About Della Leavitt
After careers in technology and math education, author Della Leavitt immersed herself within the vibrant Midwestern literary community to learn the art of writing fiction. A Newberry Library fellowship and a grant from the City of Chicago’s Department of Cultural Affairs & Special Events (DCASE) supported writing Vivian's Decision.
After careers in technology and math education, Chicagoan Della Leavitt immersed herself within the vibrant Midwestern literary community to learn the art of writing fiction.
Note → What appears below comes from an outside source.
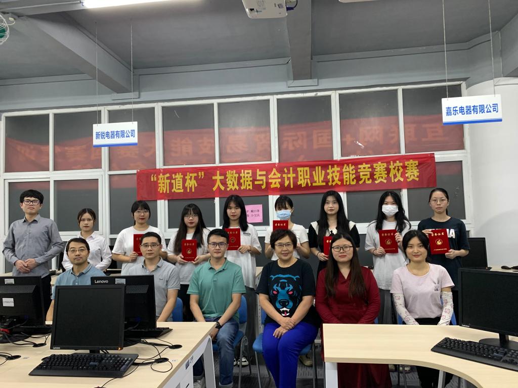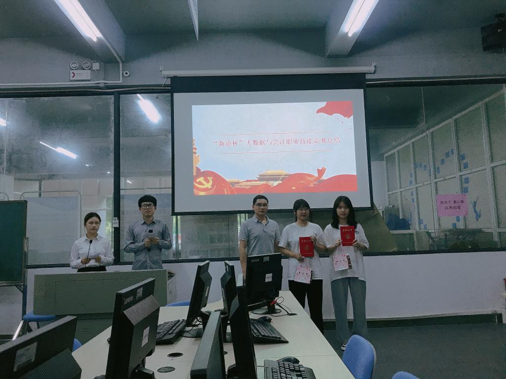 新道科技的陶醉、李嘉敏和大数据与会计教研室的老师们一一为获奖选手颁发荣誉证书及奖品。

In her debut historical novel, Vivian’s Decision, Della began by turning to family lore, imagining her Russian Jewish immigrant grandparents’ lives alongside their children’s desires and disappointments as they strove to assimilate and abandon Chicago’s Maxwell Street and multi-ethnic West Side neighborhoods.
In the early 1970s, when author Della Leavitt, a first-generation college graduate, encountered blatant female job discrimination, she joined the Chicago Women’s Liberation Union, sharing this feminist vision of programs aimed to transform women’s personal, professional and political lives. Many years later, as the novel Vivian’s Decision took shape, Della wove the 1956-era pressures Vivian felt to become the perfect wife and mother against her dreams for an independent identity. This tension became the heart of the story. Vivian’s Decision is not only Vivian and Mel Jacobson’s family saga, the book explores constraints that women of various ethnicities faced throughout the 20th century. Now, amid the rise of punishing laws restricting reproductive options, these issues are again all-too-relevant and timely.
Della lives in Chicago with her spouse of several decades.
Their son, daughter-in-law and granddaughter live nearby.